The Critical Role of Predictive Customer Analytics in Strategic Decisions
Article – May 2013
Corporate / Transaction Advisory
RGL Partner Matt Morris writes about emerging best practices for senior marketing and finance executives in the paper, “The Critical Role of Predictive Customer Analytics in Strategic Decisions.”
By: Matt Morris
This paper explores the business value and selected best practices for senior marketing, business intelligence and finance executives who seek to expand their knowledge of customer analytics and leverage customer intelligence at key points in the strategic planning and implementation lifecycle.
As the stewards of strategic vision and planning, senior executives know that economic uncertainty is a constant, even more so in recent years.
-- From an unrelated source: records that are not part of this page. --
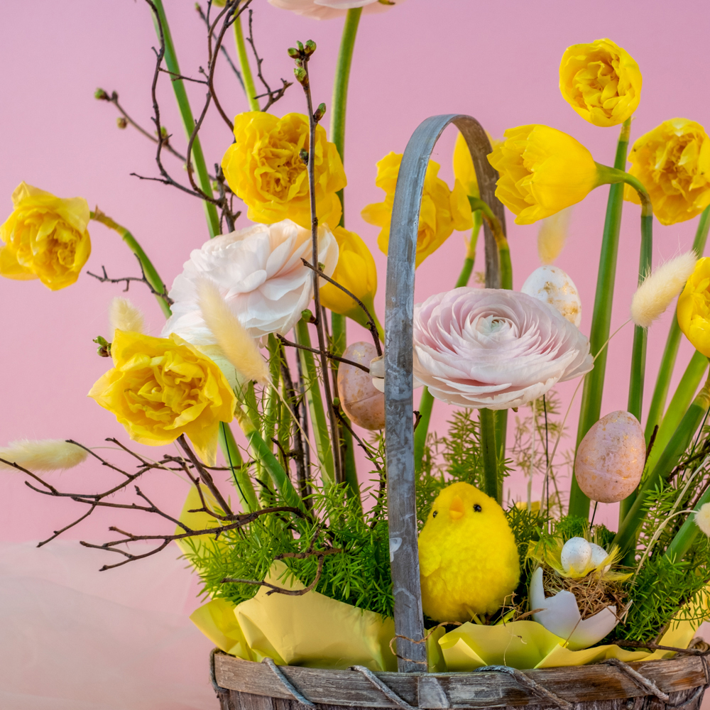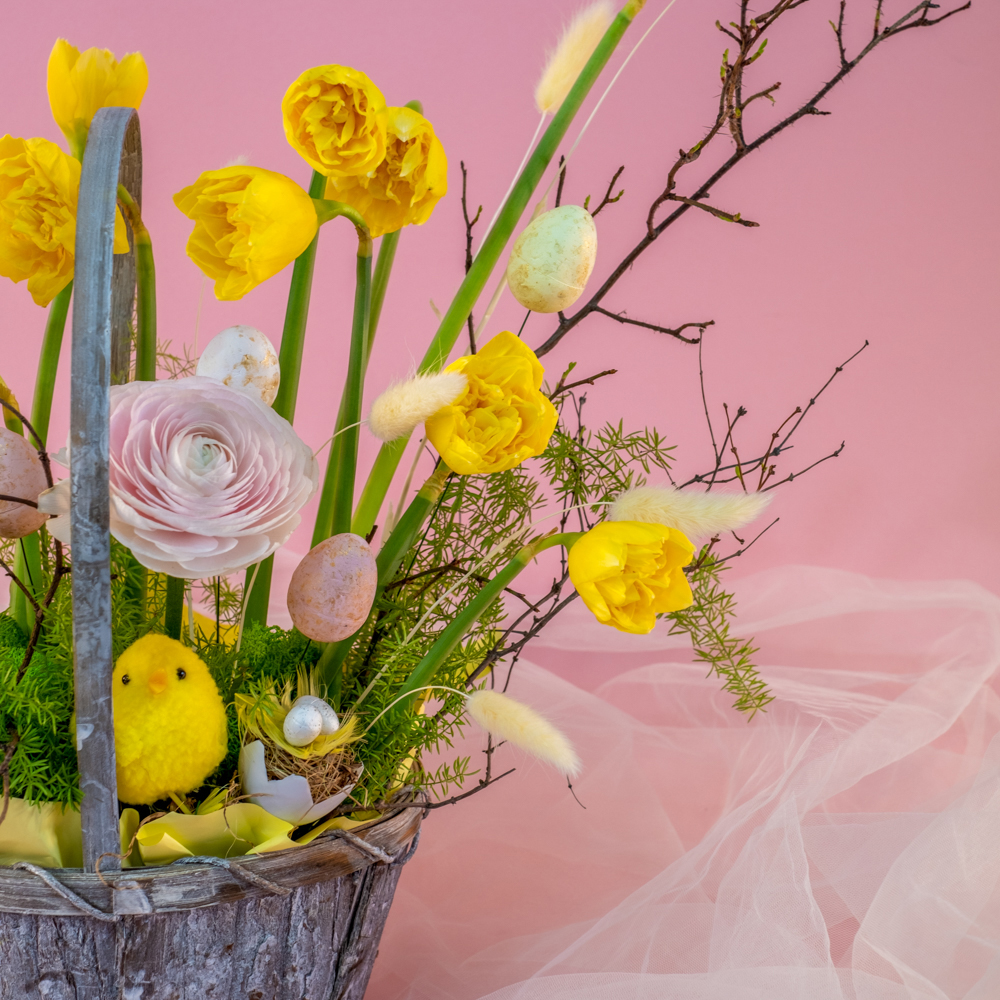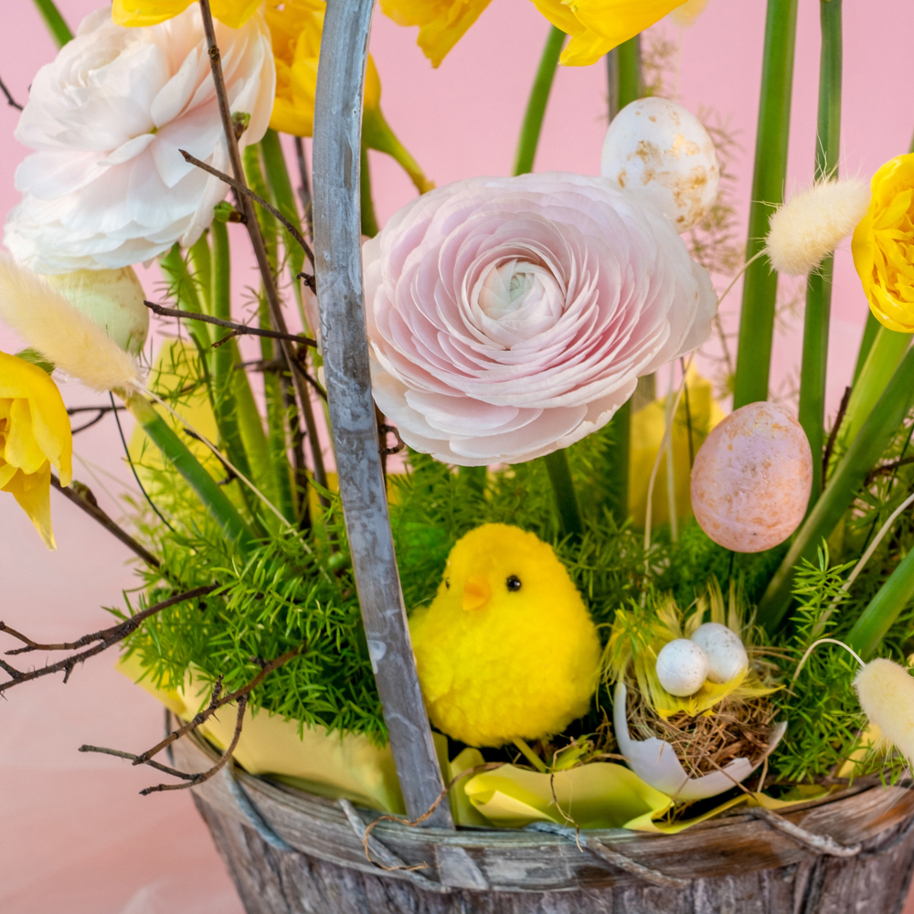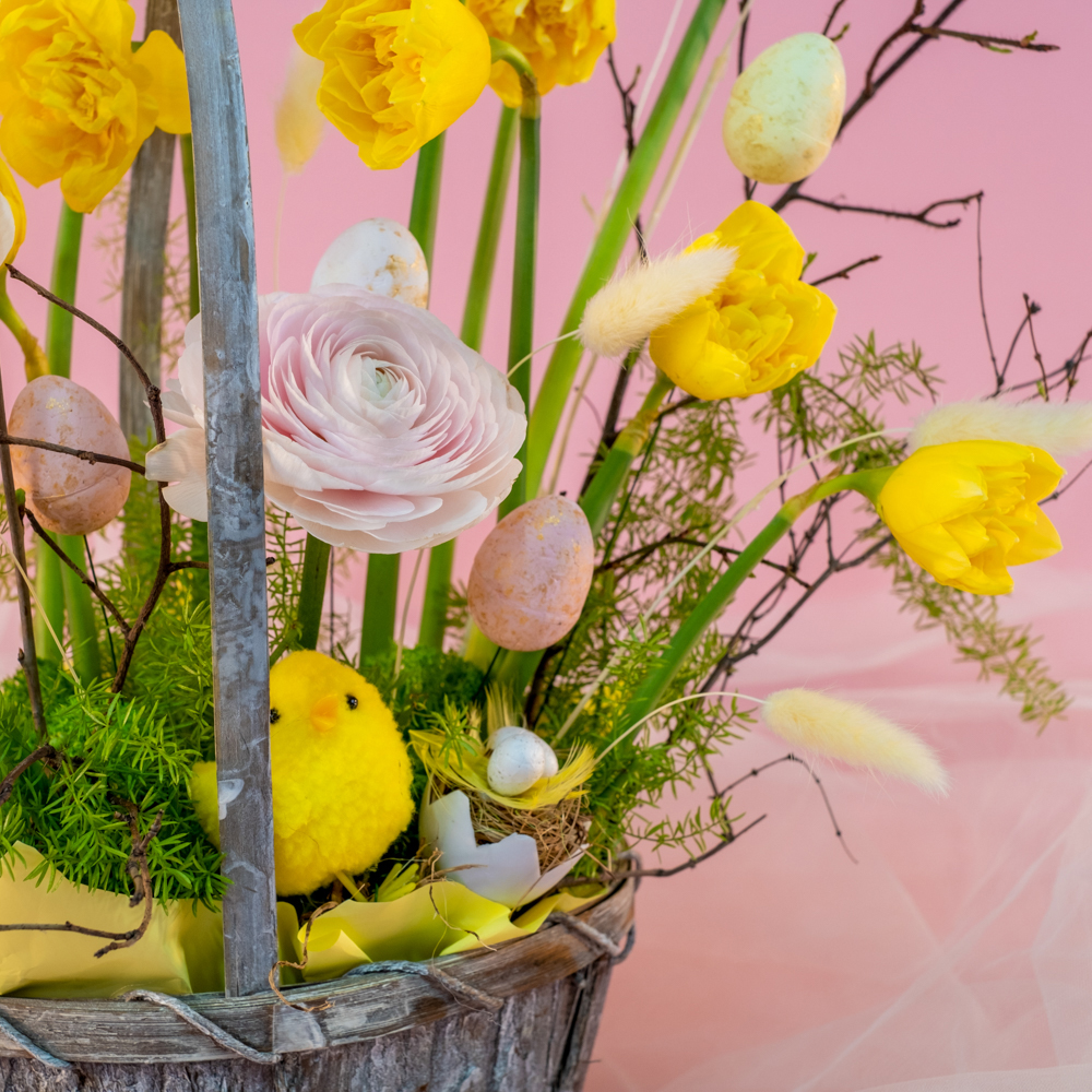 аспарагус - 1, лагурус - 9, нарцисс - 11, ранункулюс - 3, ветка персика - 1, цыплята в гнезде - 1, Яйцо набо 12шт - 5, оазис - 2, корзина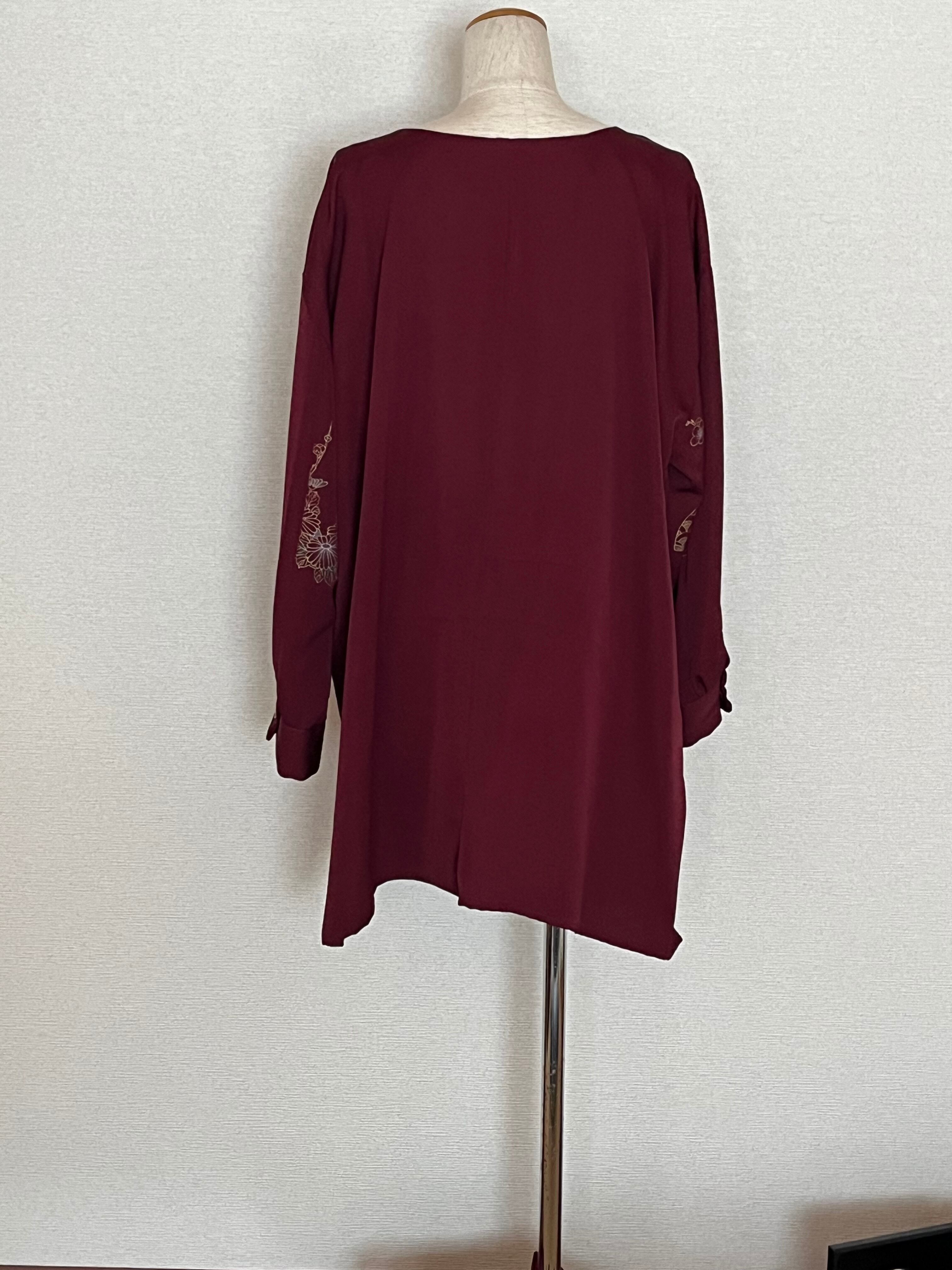 濃い葡萄酒色が美しいツーピースセット。和のエッセンスを取り入れつつ、洋風のスタイリッシュさも兼ね備えた一着です。上品で落ち着いた色合いは、どんなシーンでも活躍してくれること間違いなし。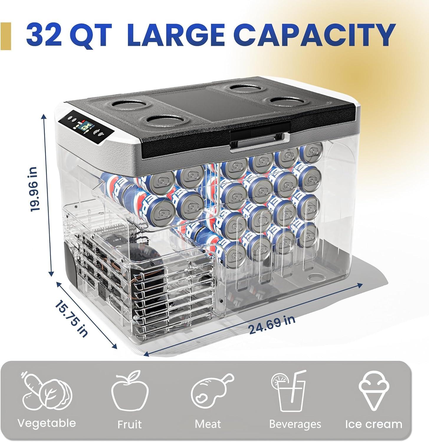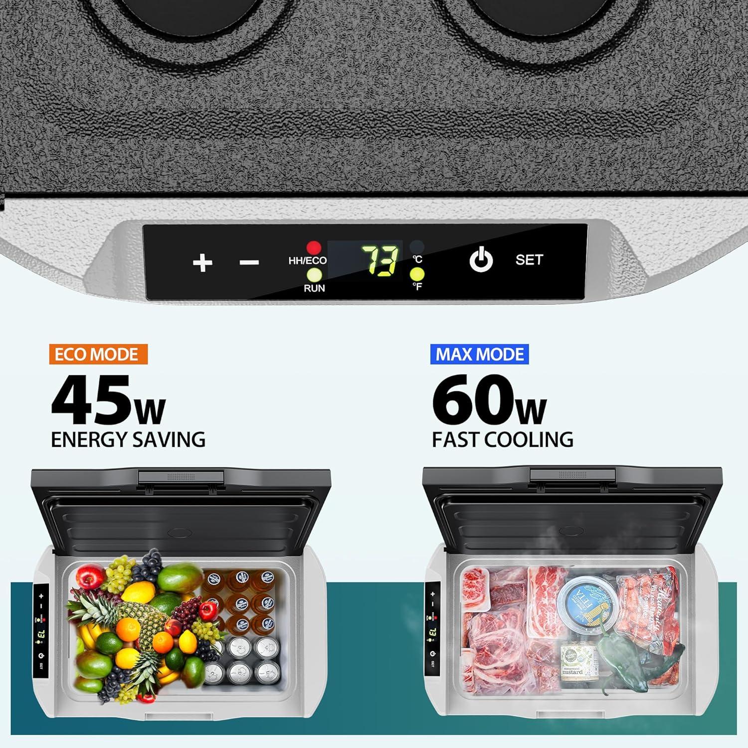 Fast Cooling & Low Energy Consumption; The 12v refrigerator features an advanced variable frequency compressor that cools from 68°F to 32°F in just 15 minutes. The electric cooler offers both an energy-saving ECO mode and a fast-cooling MAX mode, consuming only 45W of power, certified by UL for energy efficiency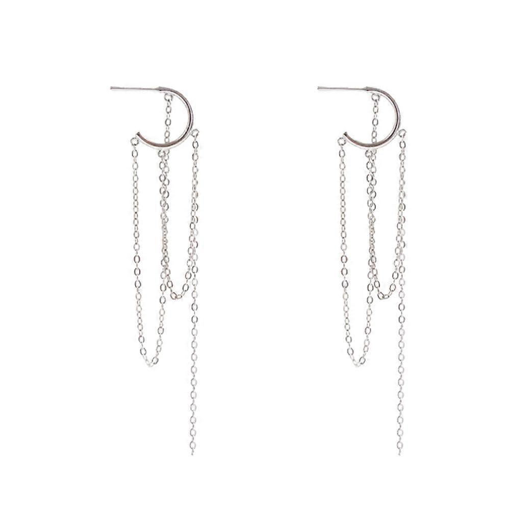 Women Earrings Dangle Tassel Temperament Ear Rings Exaggerated Fashion Earrings Simple Earbob Silver 7.5x1cm Copper Ear Decoration 1 Pair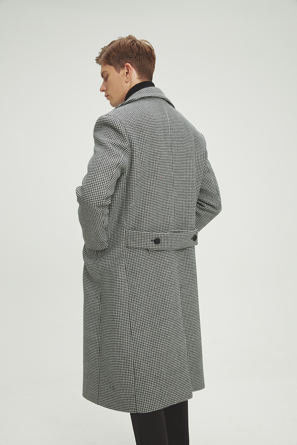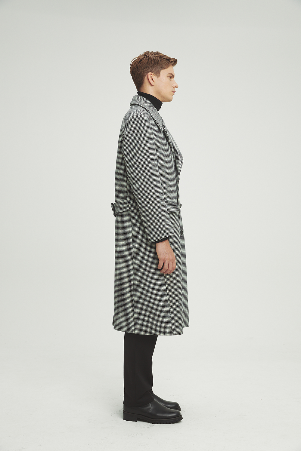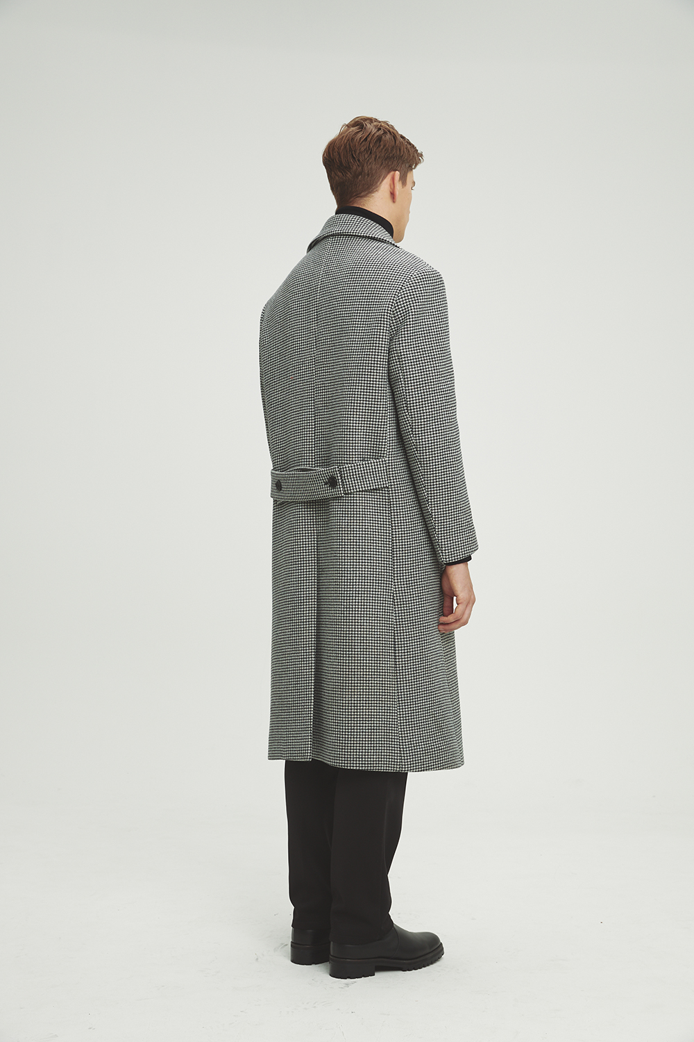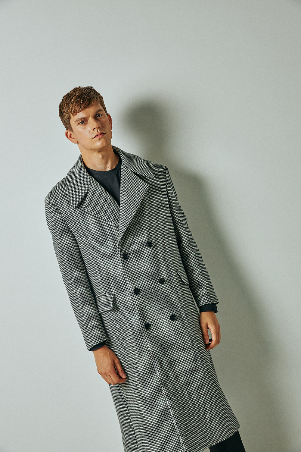 고급스러운 하운드-투스 체크 더블 슈퍼 롱코트, 두툼한 두께감으로 보온성이 뛰어난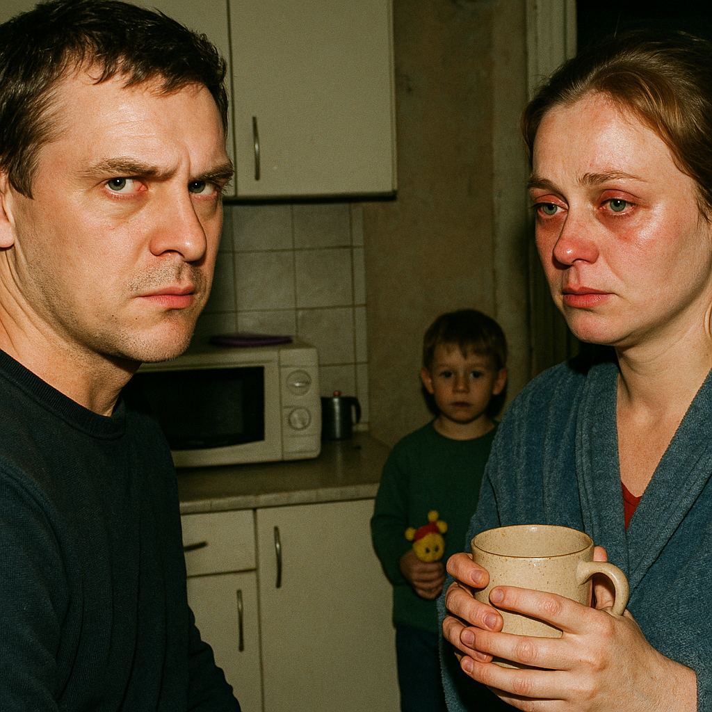 Он повернулся к жене. Та стояла у плиты, будто из гипса. Ни звука. Только плечи ходили — тяжело, глухо.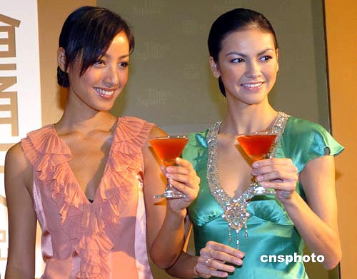 香港名模蔣怡(左)﹑Rosemary14日出席香港時代廣場“時代b2”開業儀式。作者:趙振清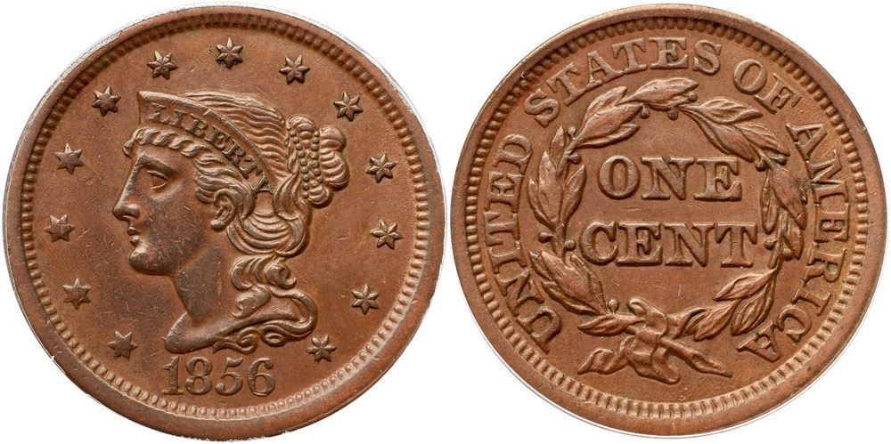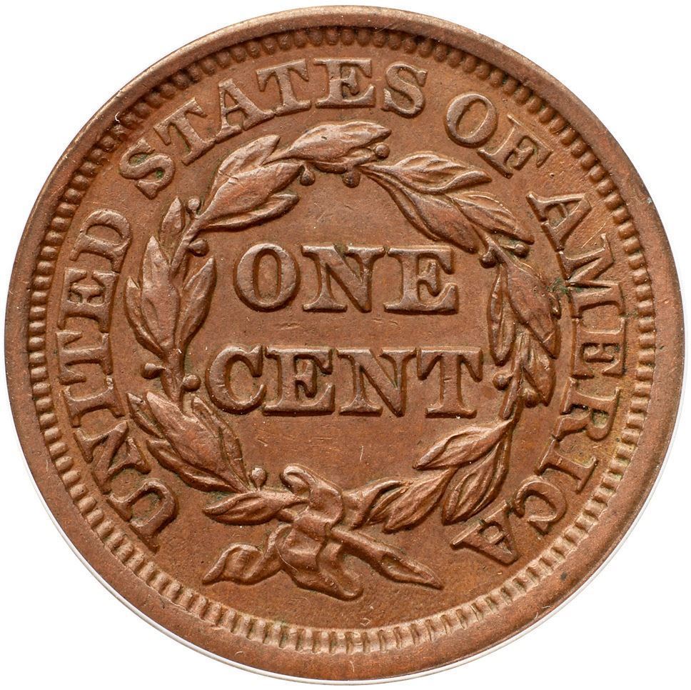 Frosty medium brown with darker steel brown on the obverse highpoints. Smooth and the only mark is a dull vertical nick or planchet chip in the center of the neck. MDS, die state c. Most of the die lines at ONE CENT are gone but there are no rim cud breaks on the obverse. Our grade is EF45. The attribution is noted on the ANACS label.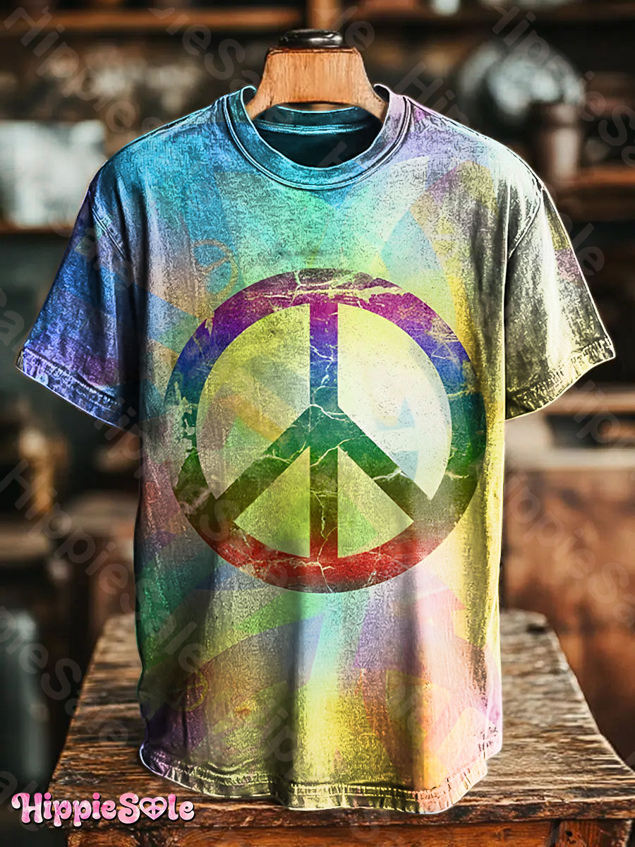 Unisex Vintage Colorful Hippie Weathered Look Print Casual T-shirt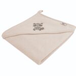 Osuška s kapucňou a uškami Mýval, 80×80 cm – béžový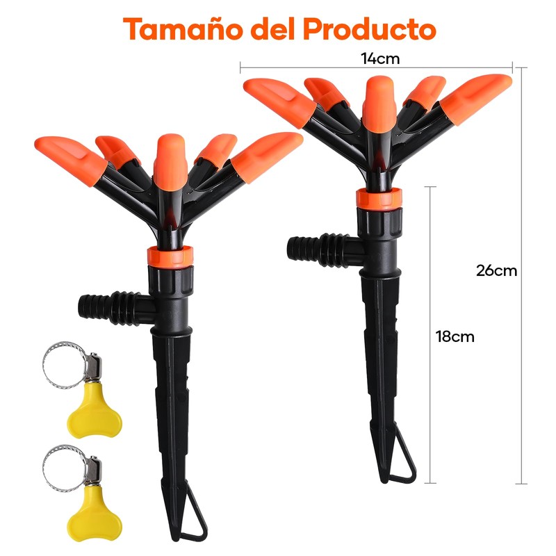 - Fácil de Usar: No requiere herramientas; basta con insertarlo en el suelo o césped para usarlo. Incluye un soporte para manguera de agua para garantizar un uso estable.

Gone are the days when company purse strings were at the ready as Marketing and other business functions came forward with growth ideas grounded by gut feel or executive intuition.
With tighter resource constraints and greater pressures to do more with less, business success, perhaps even survival, requires forward-looking solutions that help the C-suite achieve bottom-line improvements, top-line growth and more effective risk management.
Of necessity, companies today need a new level of discipline in the strategic planning process and at key decision points—one that is not based on instinct or “guesstimate“ data points but instead on more deeply data-driven analytics and forward-looking indicators. Predictive customer analytics is an emerging best practice that can help a company measure and predict risks and discover opportunities across its customer base, ultimately leading to better business outcomes. Early-adopter executives who have harnessed predictive customer analytics have been able to realize compelling business value and high returns on investment.